Coming Spectrum Auction Cited by Broadcasters Seeking Ownership Deregulation

TV stations need ownership flexibility because the spectrum auction the FCC wants to hold could hurt the industry unless it continues to use multicasting and other arrangements linking separately owned stations within a market, some broadcasters said. Networks and affiliates alike cited last month’s passage of spectrum legislation in saying the agency shouldn’t place new limits on use of multicast channels to transmit signals of two or more network affiliates. But networks and affiliates disagreed on whether the agency should lift a ban on common ownership of more than one top-four rated broadcast network. And nonprofits and station owners of all stripes disagree, in comments on a media ownership rulemaking notice, on whether new media ginned up enough competition to TV to warrant more broadcaster mergers and acquisitions, much as they disagreed in the last quadrennial review.

The FCC must square Chairman Julius Genachowski’s desire to hold a voluntary incentive auctions of TV frequencies to free up spectrum for broadband with the reality that the Internet has created ample competition to broadcasters, some companies said in comments filed in docket 09-182 (http://xrl.us/bmw9vw). The agency also must not limit common ownership to two TV stations in a market because more M&A may help diversity by keeping programming on-air that otherwise would disappear post-auction, some said. Nonprofits that have long opposed broadcaster M&A said the rulemaking goes in the wrong direction by proposing to allow common ownership of radio or TV stations and daily newspapers in the same market and suggesting ending radio-TV cross-ownership rules. Broadcasters and newspaper owners said the 1975 ban on cross-ownership of dailies and stations was long ago made unnecessary because of competition from new media.

A Genachowski statement that incentive auctions will find the right number of stations in each market shows “it simply makes no sense to limit an owner to just two,” CBS said. “The premise that television voices can be eliminated entirely without causing harm cannot be squared with a regulatory regime that restricts ownership of more than two stations in a market with many [stations] based upon a supposed desire to promote diversity.” The spectrum law “provides an additional reason for preserving broadcasters’ flexibility and declining to regulate either network affiliations or cooperative arrangements,” the company said. “If the auction process ultimately diminishes the number of full-power television stations located in a market, dual affiliations involving D-2 [multicast] channels may be necessary to ensure that viewers have access to all of the major television networks.” The “flexibility that cooperative and costsharing agreements provide” will keep content available “that might otherwise be rendered unavailable” when a station seeks to sell spectrum, CBS said.

Affiliates of three of the Big Four said the dual network rule must remain.

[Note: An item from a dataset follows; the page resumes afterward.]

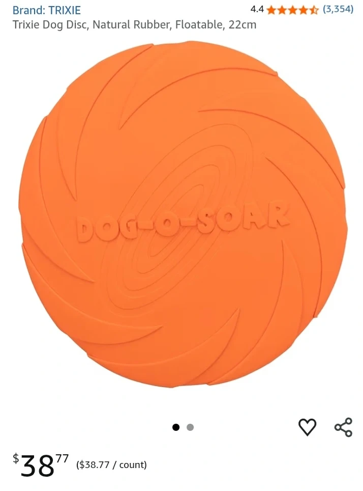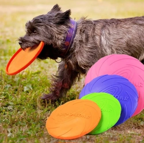 This dog disc is made from natural rubber and floats. Suitable for all breed sizes. Great for outdoor fetch play

It’s “an important structural principle that serves similar ends in a complementary fashion to the Commission’s behavioral rules by prohibiting two or more top-four networks from merging,” said the ABC, CBS and NBC affiliate groups. They said it’s “an important reinforcing mechanism for maintaining a proper balance in the network-affiliate relationship.” For News Corp.’s Fox, “the time has come (indeed, has long since passed) for the Commission to embrace its mandate” under Section 202(h) of the Telecom Act to “dismantle the decades-old structural ownership rules once and for all,” the broadcaster said.

Broadcasters identified a dichotomy between FCC media and wireless policies, viewing the former as stuck in time and the latter evolving. “The FCC has been admirably forward-thinking in addressing the fast-changing world of modern technology, aligning its policies for the Internet and personal wireless communications market segments, among others, toward the future,” Fox said. “Yet the Commission’s regulation of broadcasting remains stuck in a time warp. It is simply unfathomable that the vast changes to the modern media marketplace since the 1996 Act have been met with minuscule changes to the outmoded rules.” Sinclair deems the FCC’s auction plan the most “explicit acknowledgment that there is active, vital and adequate competition in both the television and the overall video marketplace,” the company said. “Strikingly, it is the Commission that is now encouraging television broadcasters to surrender their channels so that they can be used to provide even more spectrum to a competitive medium which the Commission refuses to even recognize as a competitor to television for viewership or advertising dollars -- the broadband industry."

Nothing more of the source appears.